'''

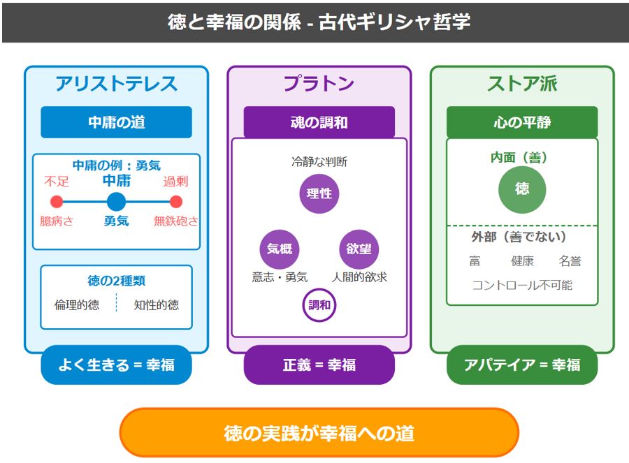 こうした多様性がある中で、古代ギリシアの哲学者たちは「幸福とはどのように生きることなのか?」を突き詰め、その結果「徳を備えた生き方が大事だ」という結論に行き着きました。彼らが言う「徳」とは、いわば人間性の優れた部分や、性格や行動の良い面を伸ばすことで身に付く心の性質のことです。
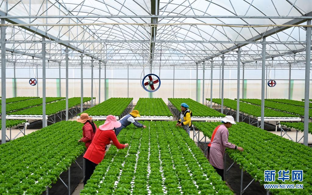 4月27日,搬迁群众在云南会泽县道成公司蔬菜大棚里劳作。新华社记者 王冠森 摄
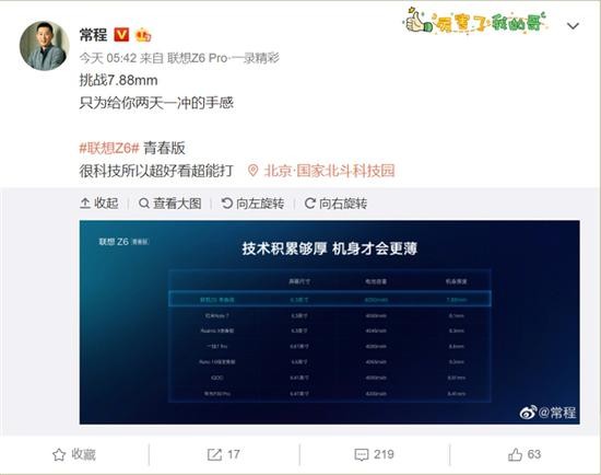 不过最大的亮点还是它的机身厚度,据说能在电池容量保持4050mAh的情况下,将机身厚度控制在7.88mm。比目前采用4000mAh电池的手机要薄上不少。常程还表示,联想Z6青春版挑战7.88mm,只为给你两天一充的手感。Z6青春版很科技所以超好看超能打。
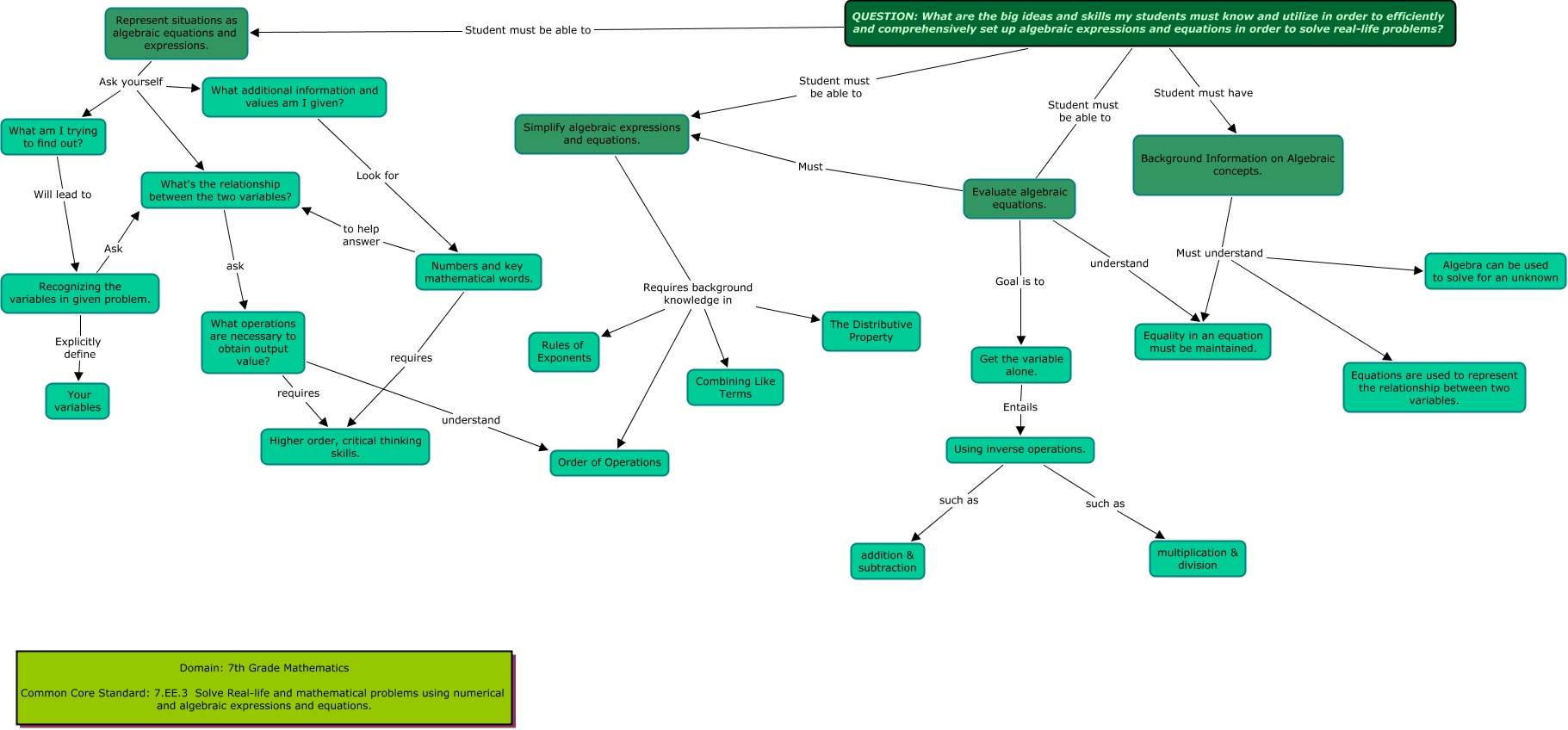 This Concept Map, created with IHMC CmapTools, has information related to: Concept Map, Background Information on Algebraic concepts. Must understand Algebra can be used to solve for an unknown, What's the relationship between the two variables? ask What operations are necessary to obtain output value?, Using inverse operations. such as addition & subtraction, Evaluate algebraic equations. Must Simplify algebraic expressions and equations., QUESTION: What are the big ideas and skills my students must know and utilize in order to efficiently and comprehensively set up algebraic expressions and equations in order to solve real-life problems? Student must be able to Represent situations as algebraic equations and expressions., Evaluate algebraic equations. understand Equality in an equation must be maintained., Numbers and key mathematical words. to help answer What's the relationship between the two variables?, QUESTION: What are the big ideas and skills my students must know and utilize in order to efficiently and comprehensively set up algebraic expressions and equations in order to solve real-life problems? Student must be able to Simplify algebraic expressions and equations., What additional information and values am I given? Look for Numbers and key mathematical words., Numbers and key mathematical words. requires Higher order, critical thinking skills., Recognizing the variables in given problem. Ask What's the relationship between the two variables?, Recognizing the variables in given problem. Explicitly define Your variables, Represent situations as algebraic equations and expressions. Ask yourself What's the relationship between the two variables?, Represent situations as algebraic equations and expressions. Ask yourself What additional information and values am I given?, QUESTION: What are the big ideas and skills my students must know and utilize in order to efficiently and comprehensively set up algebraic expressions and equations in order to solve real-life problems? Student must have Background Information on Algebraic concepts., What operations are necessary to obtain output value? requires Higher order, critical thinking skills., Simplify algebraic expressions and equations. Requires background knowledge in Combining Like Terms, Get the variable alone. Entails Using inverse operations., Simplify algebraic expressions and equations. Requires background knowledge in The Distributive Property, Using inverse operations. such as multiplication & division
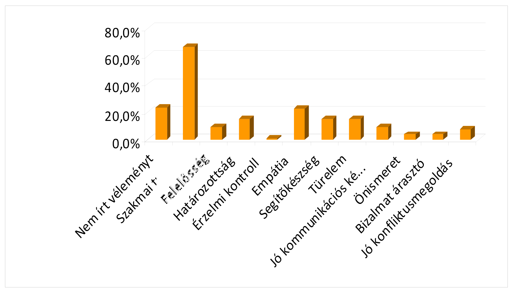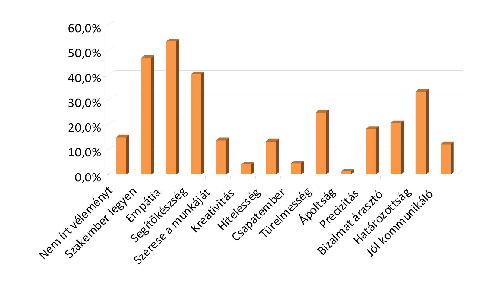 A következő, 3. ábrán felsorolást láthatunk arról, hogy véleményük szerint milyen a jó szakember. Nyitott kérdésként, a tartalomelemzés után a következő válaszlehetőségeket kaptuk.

'''

Output all of the data exactly as it stands, minus any images.

:: Exercise solution ::
 こうした多様性がある中で、古代ギリシアの哲学者たちは「幸福とはどのように生きることなのか?」を突き詰め、その結果「徳を備えた生き方が大事だ」という結論に行き着きました。彼らが言う「徳」とは、いわば人間性の優れた部分や、性格や行動の良い面を伸ばすことで身に付く心の性質のことです。
 4月27日,搬迁群众在云南会泽县道成公司蔬菜大棚里劳作。新华社记者 王冠森 摄
 不过最大的亮点还是它的机身厚度,据说能在电池容量保持4050mAh的情况下,将机身厚度控制在7.88mm。比目前采用4000mAh电池的手机要薄上不少。常程还表示,联想Z6青春版挑战7.88mm,只为给你两天一充的手感。Z6青春版很科技所以超好看超能打。
 This Concept Map, created with IHMC CmapTools, has information related to: Concept Map, Background Information on Algebraic concepts. Must understand Algebra can be used to solve for an unknown, What's the relationship between the two variables? ask What operations are necessary to obtain output value?, Using inverse operations. such as addition & subtraction, Evaluate algebraic equations. Must Simplify algebraic expressions and equations., QUESTION: What are the big ideas and skills my students must know and utilize in order to efficiently and comprehensively set up algebraic expressions and equations in order to solve real-life problems? Student must be able to Represent situations as algebraic equations and expressions., Evaluate algebraic equations. understand Equality in an equation must be maintained., Numbers and key mathematical words. to help answer What's the relationship between the two variables?, QUESTION: What are the big ideas and skills my students must know and utilize in order to efficiently and comprehensively set up algebraic expressions and equations in order to solve real-life problems? Student must be able to Simplify algebraic expressions and equations., What additional information and values am I given? Look for Numbers and key mathematical words., Numbers and key mathematical words. requires Higher order, critical thinking skills., Recognizing the variables in given problem. Ask What's the relationship between the two variables?, Recognizing the variables in given problem. Explicitly define Your variables, Represent situations as algebraic equations and expressions. Ask yourself What's the relationship between the two variables?, Represent situations as algebraic equations and expressions. Ask yourself What additional information and values am I given?, QUESTION: What are the big ideas and skills my students must know and utilize in order to efficiently and comprehensively set up algebraic expressions and equations in order to solve real-life problems? Student must have Background Information on Algebraic concepts., What operations are necessary to obtain output value? requires Higher order, critical thinking skills., Simplify algebraic expressions and equations. Requires background knowledge in Combining Like Terms, Get the variable alone. Entails Using inverse operations., Simplify algebraic expressions and equations. Requires background knowledge in The Distributive Property, Using inverse operations. such as multiplication & division
 A következő, 3. ábrán felsorolást láthatunk arról, hogy véleményük szerint milyen a jó szakember. Nyitott kérdésként, a tartalomelemzés után a következő válaszlehetőségeket kaptuk.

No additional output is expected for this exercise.